Collected data:

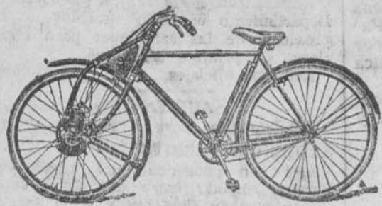
Motores para bicicletas
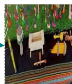
Sản phẩm của búp bê và nhạc cụ
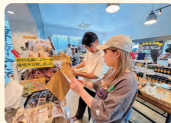
ローカルフード&リカー東京島酒専門山田屋を見学と買物
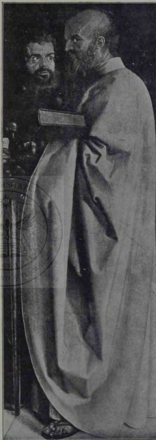
A. Dürer: Apostoli.
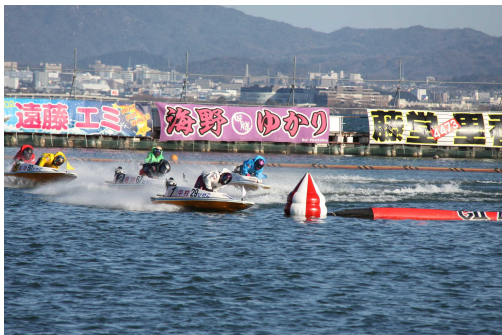
迫力のボートレース
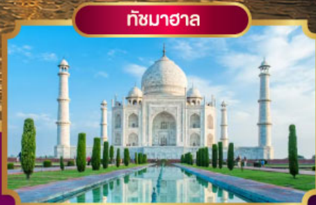
ทัชมาฮาล
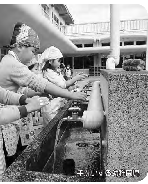
手洗いする幼稚園児

平成21年11月12日 開催 平成21年11月13日 開催 平成21年11月16日 開催
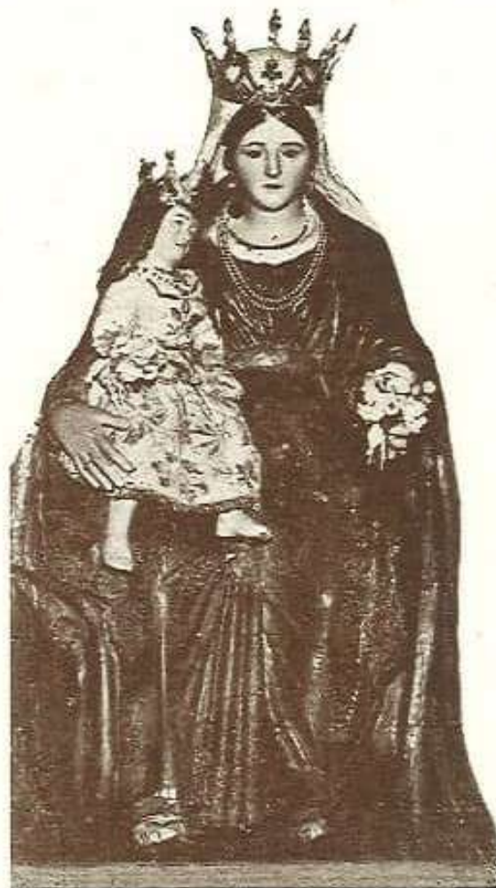
S. Maria di Mezzogiorno Antica e Prodigiosa Immagine incoronata solennemente l'anno 1797 che si venera in Catanzaro nella Chiesa Parrocchiale omonima (Si festeggia il 15 Agosto)

Immagine della Madonna di Mezzogiorno.jpg
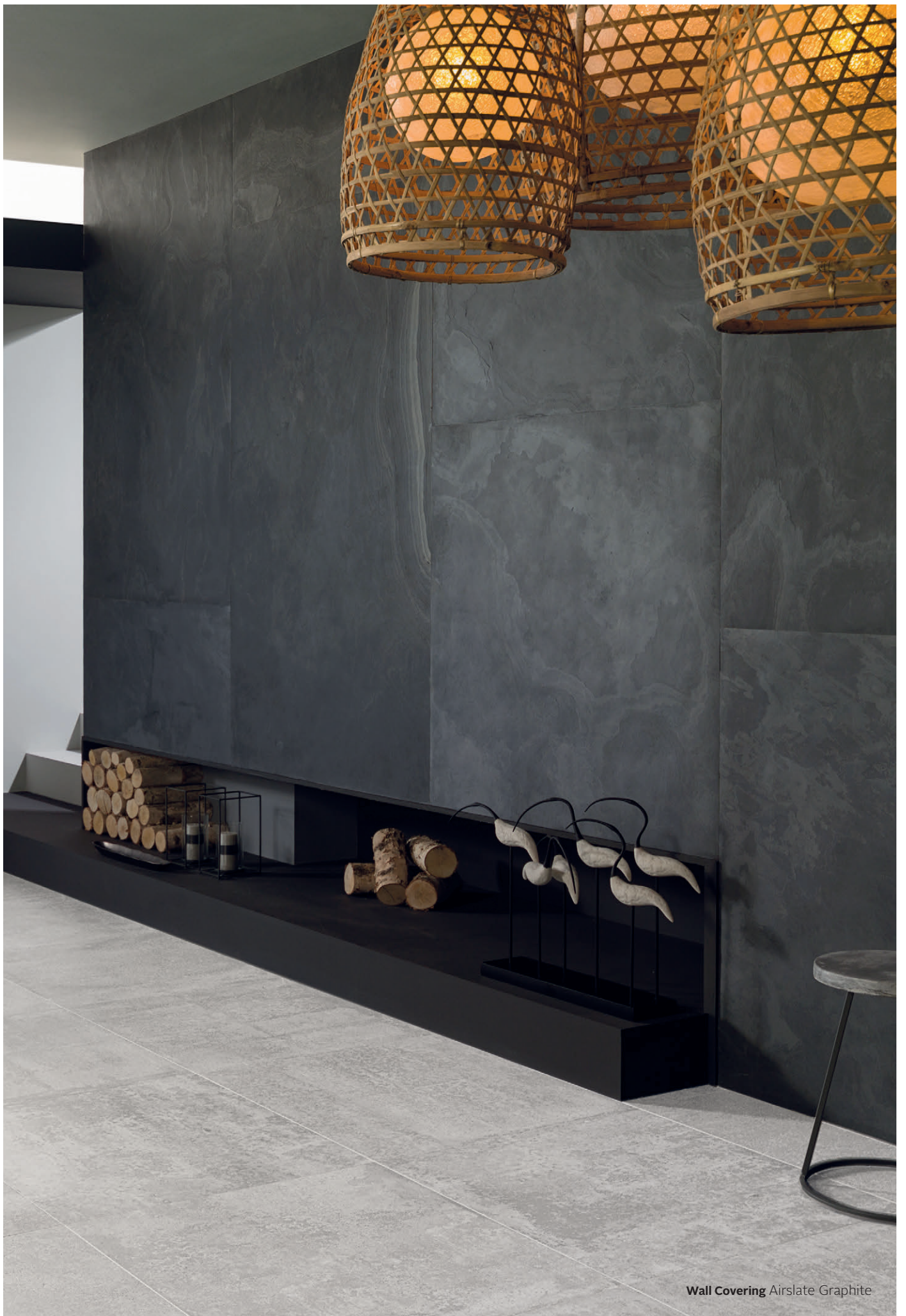
Wall Covering Airslate Graphite

What the task requires: Each line above where the word "Immagine" occurs should be copied out.

Problem solution:
S. Maria di Mezzogiorno Antica e Prodigiosa Immagine incoronata solennemente l'anno 1797 che si venera in Catanzaro nella Chiesa Parrocchiale omonima (Si festeggia il 15 Agosto)
Immagine della Madonna di Mezzogiorno.jpg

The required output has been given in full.